### Brief
Without the pictures, reproduce the records that follow exactly.

+++ Input data

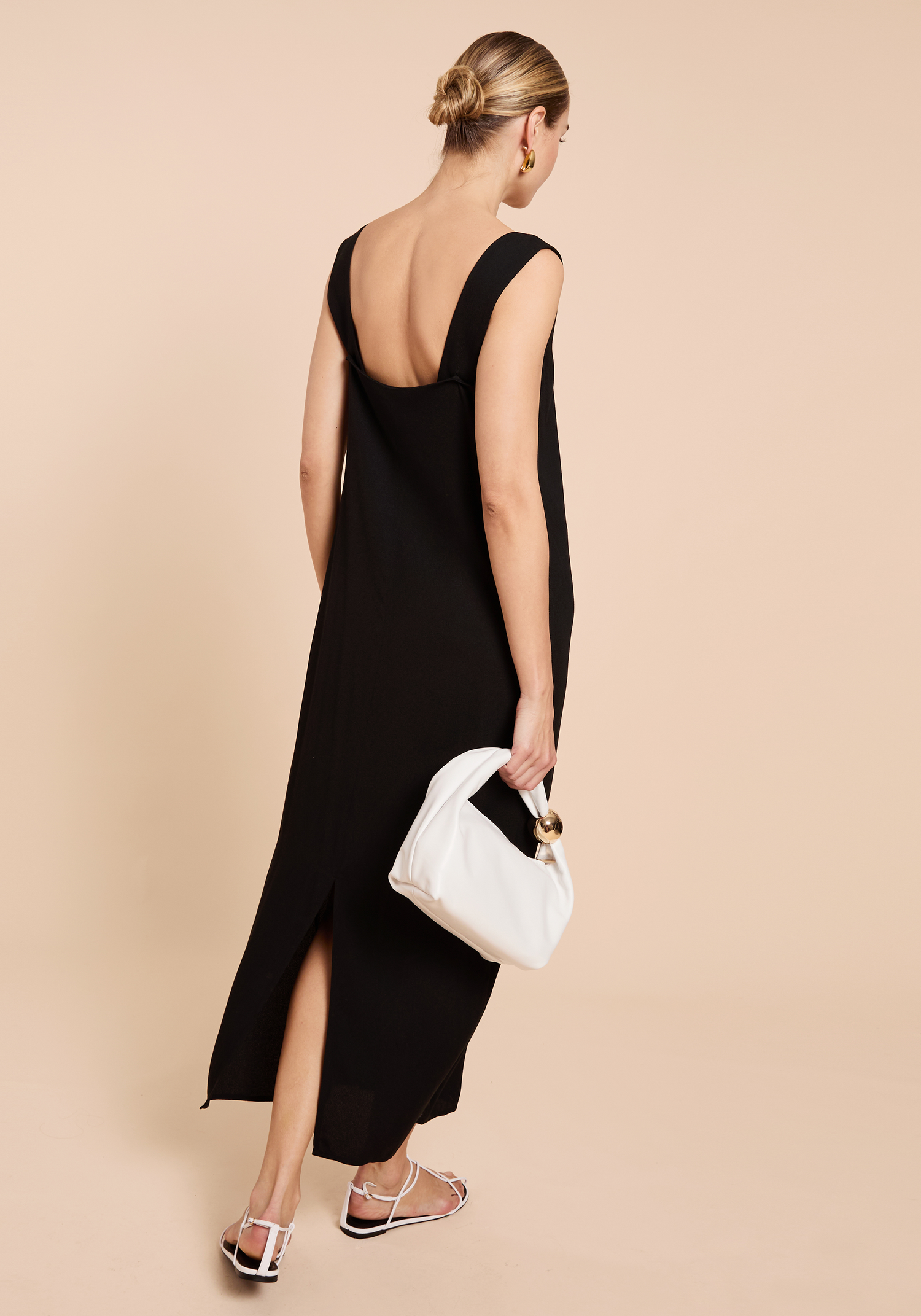 The Ione Dress embodies simple, everyday elegance with its timeless black color and sophisticated square neckline. Made from a light and airy fabric, it offers breathable comfort while maintaining an effortlessly chic and simple silhouette.
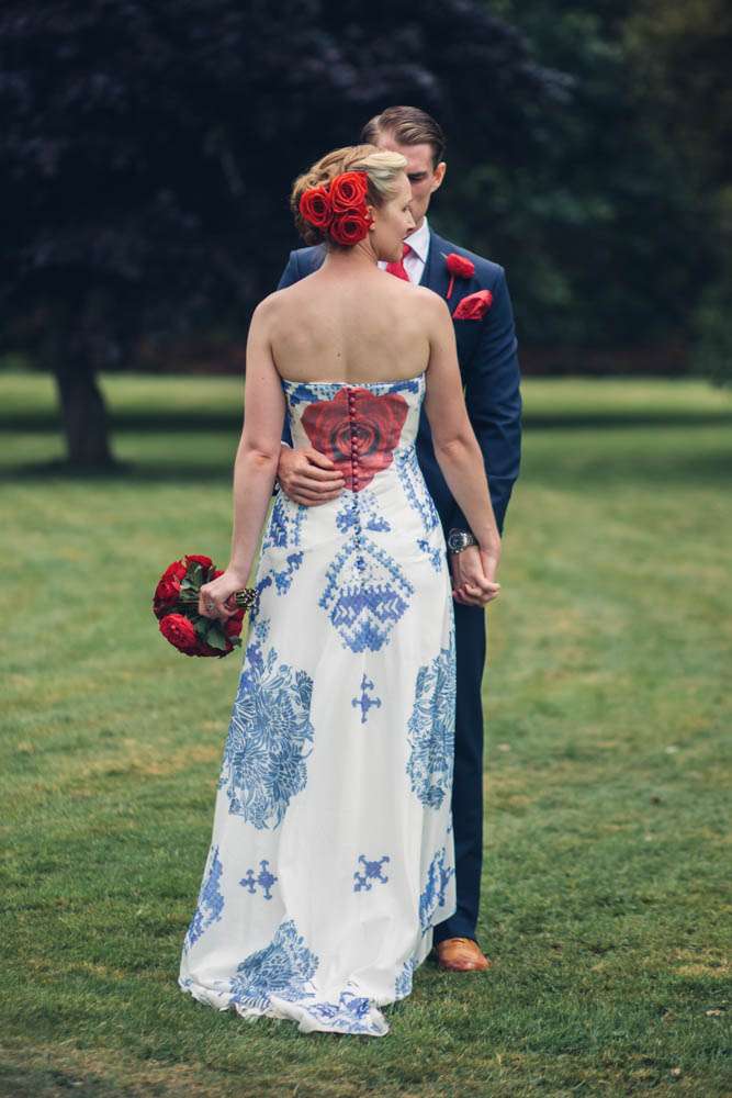 Lizzy’s incredible dress was custom made for her and actually made from scarves from Liberty! She explained, “My dress was made from scarves. Going into ‘wedding year’, all I knew about my future dress was that it wouldn’t be white (or completely white). After a couple of unsuccessful forays into evening gowns and a run in with at least one lacklustre dressmaker, my mum was sat in the hairdresser six months before the wedding lamenting my lack of dress, and through her lovely hairdresser we found Emma Louise.”
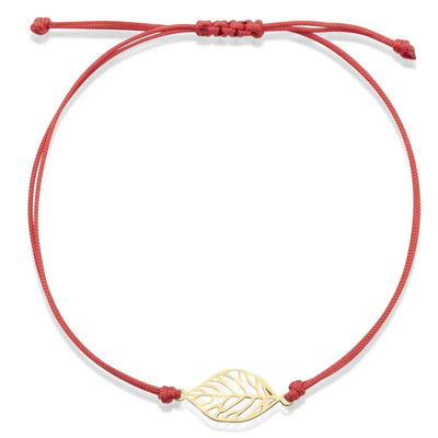 Czerwona sznurkowa bransoletka z listkiem ze złota 585 regulowana
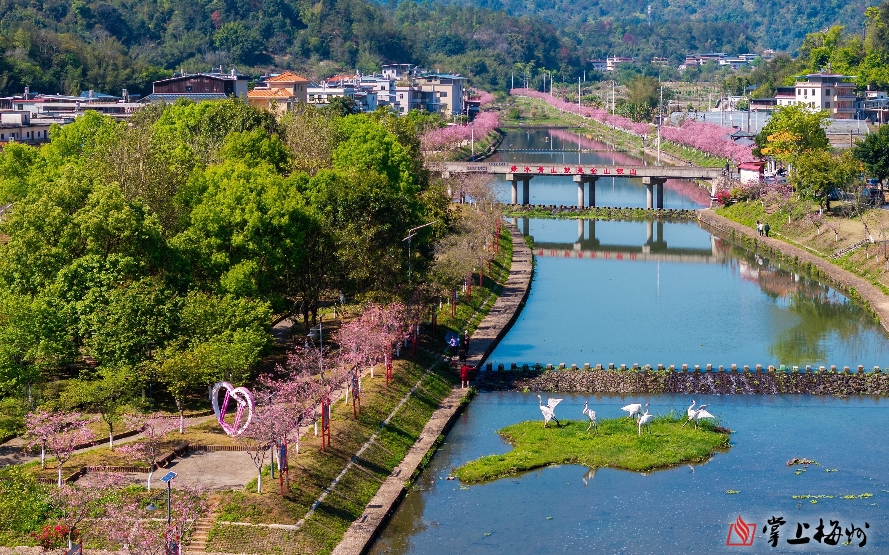 直坑村白宫河“一河两岸”是春日赏樱的热门打卡地。(连志城 摄)
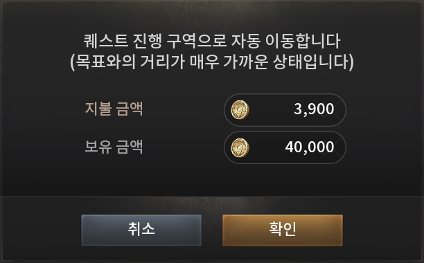 ● 퀘스트 UI 내 텔레포트 버튼 클릭 시, 퀘스트 목표가 가까운 경우 팝업에 안내 문구가 출력되도록 개선됩니다.
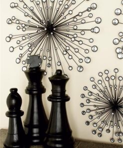 Información adicional importante: El juego de hierro de 3 decoraciones de pared presenta largos alambres de hierro negro azabache dispuestos en un estilo explosivo, complementados con adornos de joyas acrílicas con marco de alambre para un brillo adicional.
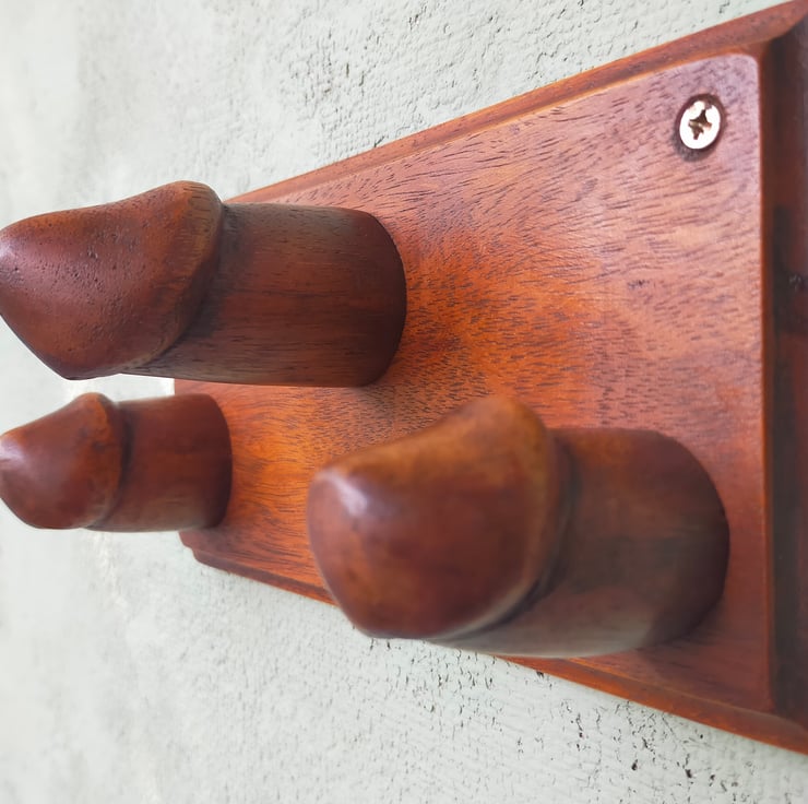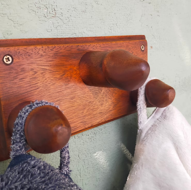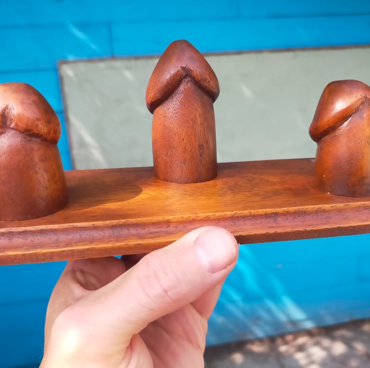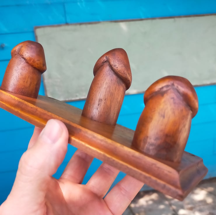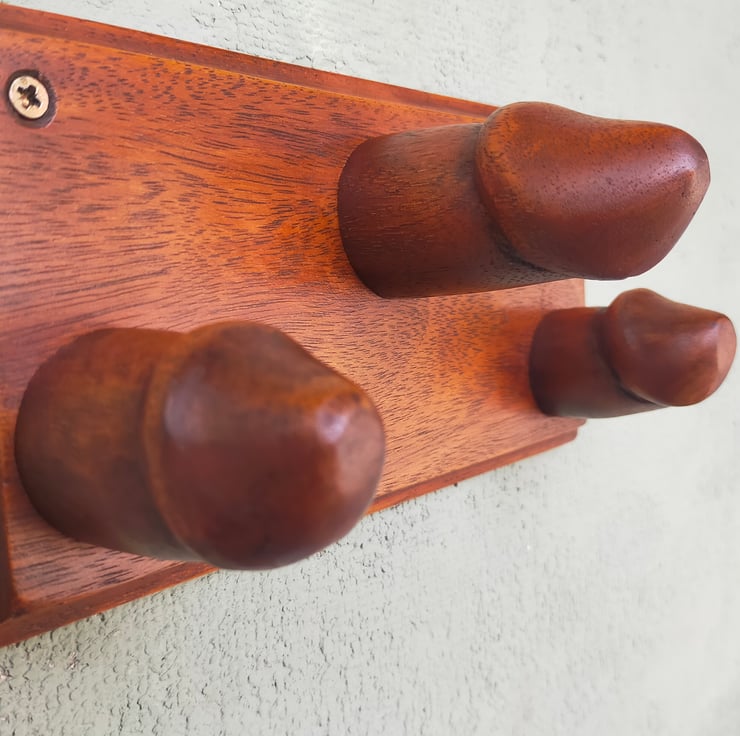 Want something a little more interesting to hang your dressing gown, bath robe or towel on? My novel hooks are designed for the bedroom or bathroom door of the more adventurous. Each appendage is individually hand-carved from reclaimed mahogany, sanded, stained, polished and waxed, and firmly screwed and glued to a mahogany backplate. The backplates are all different sizes as I have had to cut around the many nail holes in the original timber, so please do check dimensions carefully. The entire range of Choads, Packets, Stiffies and Shrooms is hand-carved from Brazilian mahogany - now a rare and protected timber - but reclaimed from a farm near Clitheroe, built in the 1950s. This timber served its purpose as the rafters of a barn, but is now living again as a limited run of cheeky household sculptures. As can be seen from the reverse pics, the timber is a light reddish brown but I wanted to create a darker and more distressed patina: I wanted these pieces to look like they had been recovered from an abandoned Victorian molly house. None is perfect: all have some flaw or other, and I have tried to highlight those in the photos. After all, if they were all identical how could you have a favourite? Each of this limited run has been named, numbered and signed by myself to make them even more unique.

++++++

### Response
 The Ione Dress embodies simple, everyday elegance with its timeless black color and sophisticated square neckline. Made from a light and airy fabric, it offers breathable comfort while maintaining an effortlessly chic and simple silhouette.
 Lizzy’s incredible dress was custom made for her and actually made from scarves from Liberty! She explained, “My dress was made from scarves. Going into ‘wedding year’, all I knew about my future dress was that it wouldn’t be white (or completely white). After a couple of unsuccessful forays into evening gowns and a run in with at least one lacklustre dressmaker, my mum was sat in the hairdresser six months before the wedding lamenting my lack of dress, and through her lovely hairdresser we found Emma Louise.”
 Czerwona sznurkowa bransoletka z listkiem ze złota 585 regulowana
 直坑村白宫河“一河两岸”是春日赏樱的热门打卡地。(连志城 摄)
 ● 퀘스트 UI 내 텔레포트 버튼 클릭 시, 퀘스트 목표가 가까운 경우 팝업에 안내 문구가 출력되도록 개선됩니다.
 Información adicional importante: El juego de hierro de 3 decoraciones de pared presenta largos alambres de hierro negro azabache dispuestos en un estilo explosivo, complementados con adornos de joyas acrílicas con marco de alambre para un brillo adicional.
 Want something a little more interesting to hang your dressing gown, bath robe or towel on? My novel hooks are designed for the bedroom or bathroom door of the more adventurous. Each appendage is individually hand-carved from reclaimed mahogany, sanded, stained, polished and waxed, and firmly screwed and glued to a mahogany backplate. The backplates are all different sizes as I have had to cut around the many nail holes in the original timber, so please do check dimensions carefully. The entire range of Choads, Packets, Stiffies and Shrooms is hand-carved from Brazilian mahogany - now a rare and protected timber - but reclaimed from a farm near Clitheroe, built in the 1950s. This timber served its purpose as the rafters of a barn, but is now living again as a limited run of cheeky household sculptures. As can be seen from the reverse pics, the timber is a light reddish brown but I wanted to create a darker and more distressed patina: I wanted these pieces to look like they had been recovered from an abandoned Victorian molly house. None is perfect: all have some flaw or other, and I have tried to highlight those in the photos. After all, if they were all identical how could you have a favourite? Each of this limited run has been named, numbered and signed by myself to make them even more unique.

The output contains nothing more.